We need $\cos(4\theta)$. We can use the identity $\cos(2A) = 1 - 2\sin^2(A)$.
$\cos(4\theta) = \cos(2(2\theta)) = 1 - 2\sin^2(2\theta)$.
$\cos(4\theta) = 1 - 2\left(-\frac{3}{4}\right)^2 = 1 - 2\left(\frac{9}{16}\right) = 1 - \frac{18}{16} = 1 - \frac{9}{8} = -\frac{1}{8}$.
Next, we need $\sin(6\theta)$. We use the identity $\sin(3A) = 3\sin A - 4\sin^3 A$.
$\sin(6\theta) = \sin(3(2\theta)) = 3\sin(2\theta) - 4\sin^3(2\theta)$.

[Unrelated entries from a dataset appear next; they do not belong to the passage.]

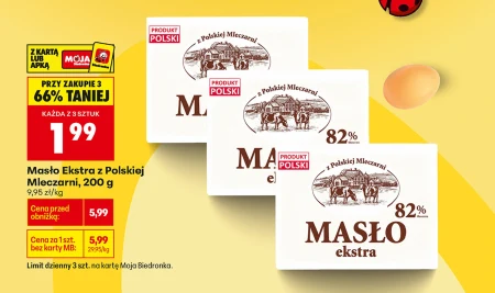 Masło Ekstra z Polskiej Mleczarni dostępne jest w ofercie Biedronka w cenie 9,95 zł za kilogram, a opakowanie 200 g można kupić już za 1,99 zł przy zakupie trzech sztuk z kartą Moja Biedronka lub w aplikacji, co stanowi aż 66% zniżki względem ceny regularnej 5,99 zł. To wysokiej jakości masło idealnie sprawdzi się do smarowania pieczywa, przygotowywania wypieków oraz jako dodatek do dań, nadając im wyjątkowy smak i aromat. Warto skorzystać z tej okazji, ponieważ limit dzienny to trzy sztuki na kartę, co pozwoli zaopatrzyć się w zapas na dłużej.
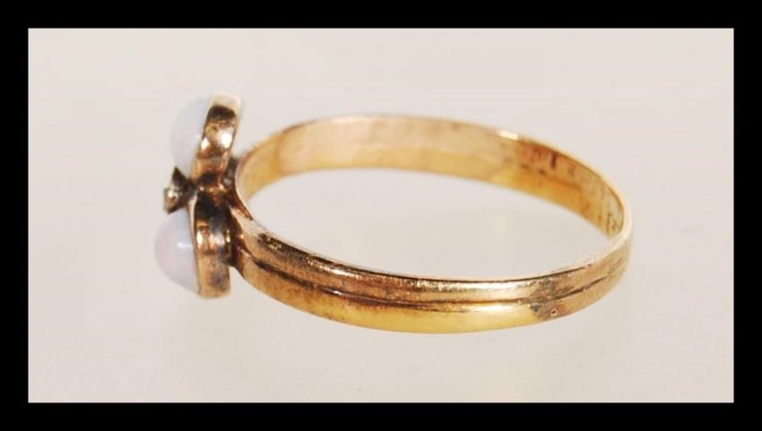 A 20th Century 9ct gold ring set with three opal cabochons. Marks rubbed but tests as 9ct. Weight 1.9g. Size K.
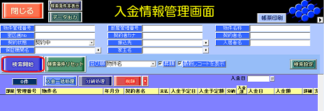 [最新レコードを表示]チェック付与後に[検索開始]ボタンを押すと、各契約者の最新入金レコードが表示します。[最新レコードを表示]チェックを付与したタイミングで契約状態「契約中」が検索条件に追加されますので、必要に応じて検索条件を変更してご利用ください。
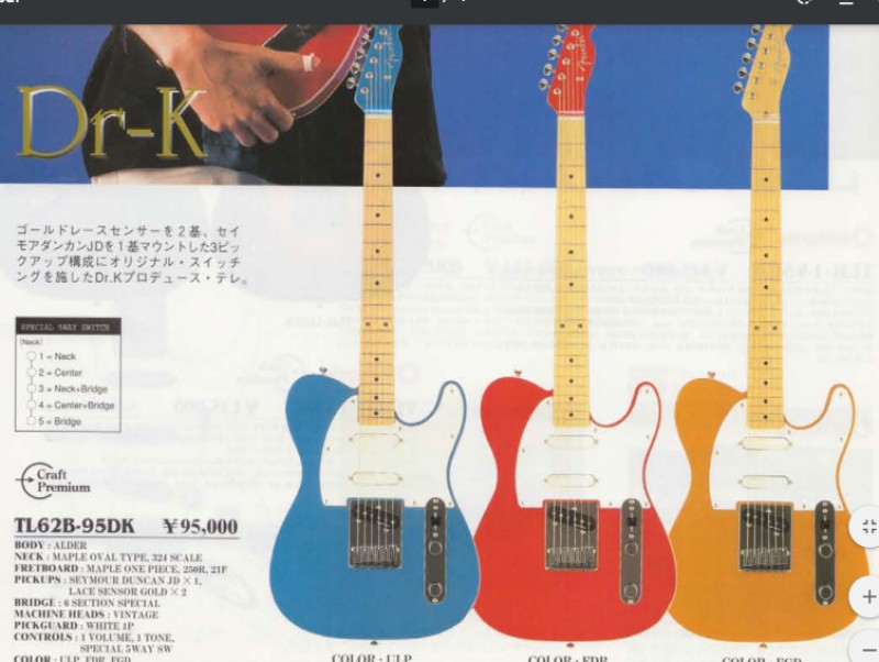Et enfin au Japon depuis 99 ou 2000 (pour les catalogues mais depuis les mid 90's elle se trouvait) la signature Dr.K, typiquement une Nashville, elle se trouve encore pour pas cher et sont vraiment top pour le prix.
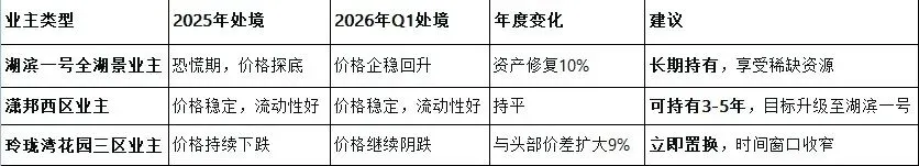 · 玲珑湾三区等老旧产品持续被边缘化,与湖滨一号的价差从2025年的35%扩大至44%,且趋势不可逆。

Substitute the value of $\sin(2\theta) = -3/4$:
$\sin(6\theta) = 3\left(-\frac{3}{4}\right) - 4\left(-\frac{3}{4}\right)^3$.
$= -\frac{9}{4} - 4\left(-\frac{27}{64}\right) = -\frac{9}{4} + \frac{27}{16}$.
$= \frac{-36+27}{16} = -\frac{9}{16}$.
Now, substitute all these values back into the expression we need to calculate.
Expression = $16(\sin(2\theta) + \cos(4\theta) + \sin(6\theta))$.
$= 16\left(-\frac{3}{4} - \frac{1}{8} - \frac{9}{16}\right)$.
Find a common denominator, which is 16.
$= 16\left(\frac{-12 - 2 - 9}{16}\right)$.
$= 16\left(\frac{-23}{16}\right) = -23$.